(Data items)
>>>>>
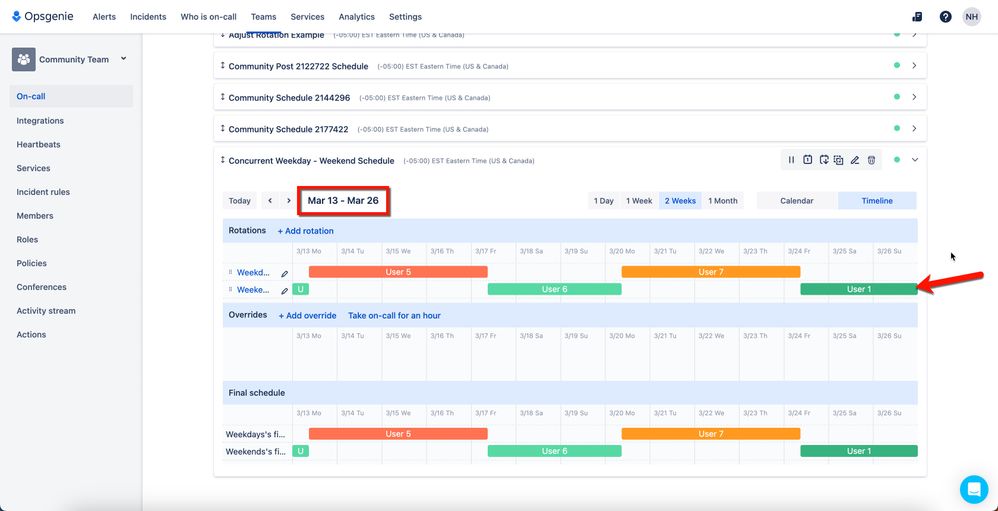 We have employee A through G and our on-call runs concurrently with the shifts starting on Monday at 9am and Friday at 9am. We have a rotation for the weekdays and one for the weekend, however I was wondering if it was possible to use the same Employee rotation for both? Employee A starts Monday at 9am, Employee B starts Friday at 9am, Employee C starts Monday at 9am, etc...
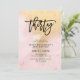 Esta brillante y elegante invitación a la fiesta de cumpleaños número 30 cuenta con un lujoso fondo de mármol rosa y oro falso, con una tipografía de escritura a la moda en negro.
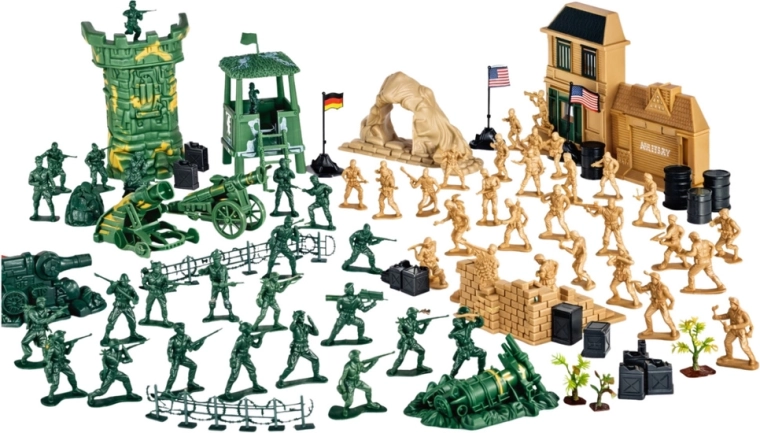 - Figure e accessori vari: soldatini, veicoli, cannoni, armi, barriere, bandiere, recinzioni
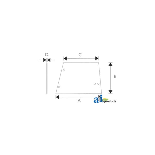 Glass, Side (RH/LH), Dim A (1): 36.00", Dim B (2): 29.50", Dim C (3): 33.00", Dim D (4): 29.50"
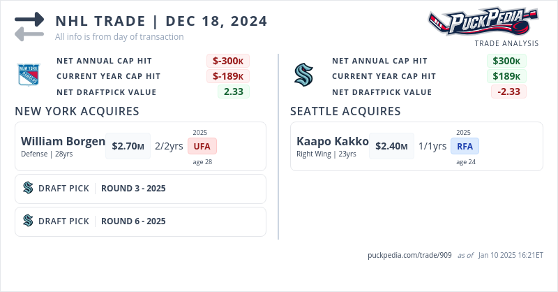 The Seattle Kraken acquired Kaapo Kakko from the New York Rangers for William Borgen, a 2025 3rd round pick and a 2025 6th round pick
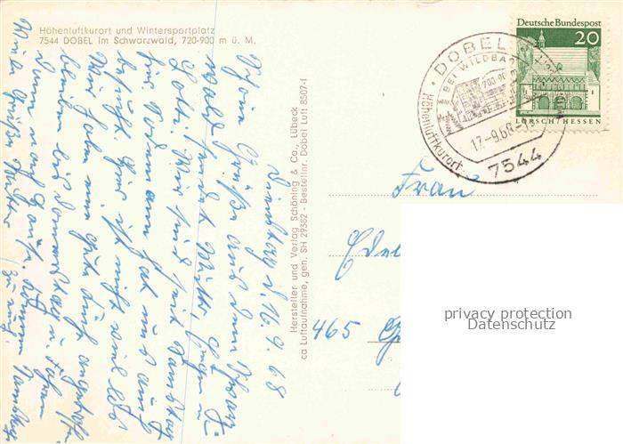 74086670 alte Postkarte Dobel Schwarzwald Fliegeraufnahme postalisch gelaufen Erhaltung siehe scans [WerneD78] KatCode: 11110008235018
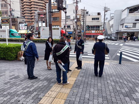 | 秋の全国交通安全運動(9/21~30)実施期間中に大正警察署と連携して、大正駅前交差点にて街頭キャンペーンを実施しました。 会員事業所10社に参加をしていただき、歩行者、自転車利用者にキャンペーングッズ、ちらしを配布して声掛けをしました。 当日は松尾支部長と大正警察署長も共に巡回していただきPR活動に励みました。 |
<<<<<
Task brief: Your answer should be the lines from the first record down to the line containing "Glass, Side (RH/LH), Dim", restated exactly, with no pictures.

Solution to the exercise:
 We have employee A through G and our on-call runs concurrently with the shifts starting on Monday at 9am and Friday at 9am. We have a rotation for the weekdays and one for the weekend, however I was wondering if it was possible to use the same Employee rotation for both? Employee A starts Monday at 9am, Employee B starts Friday at 9am, Employee C starts Monday at 9am, etc...
 Esta brillante y elegante invitación a la fiesta de cumpleaños número 30 cuenta con un lujoso fondo de mármol rosa y oro falso, con una tipografía de escritura a la moda en negro.
 - Figure e accessori vari: soldatini, veicoli, cannoni, armi, barriere, bandiere, recinzioni
 Glass, Side (RH/LH), Dim A (1): 36.00", Dim B (2): 29.50", Dim C (3): 33.00", Dim D (4): 29.50"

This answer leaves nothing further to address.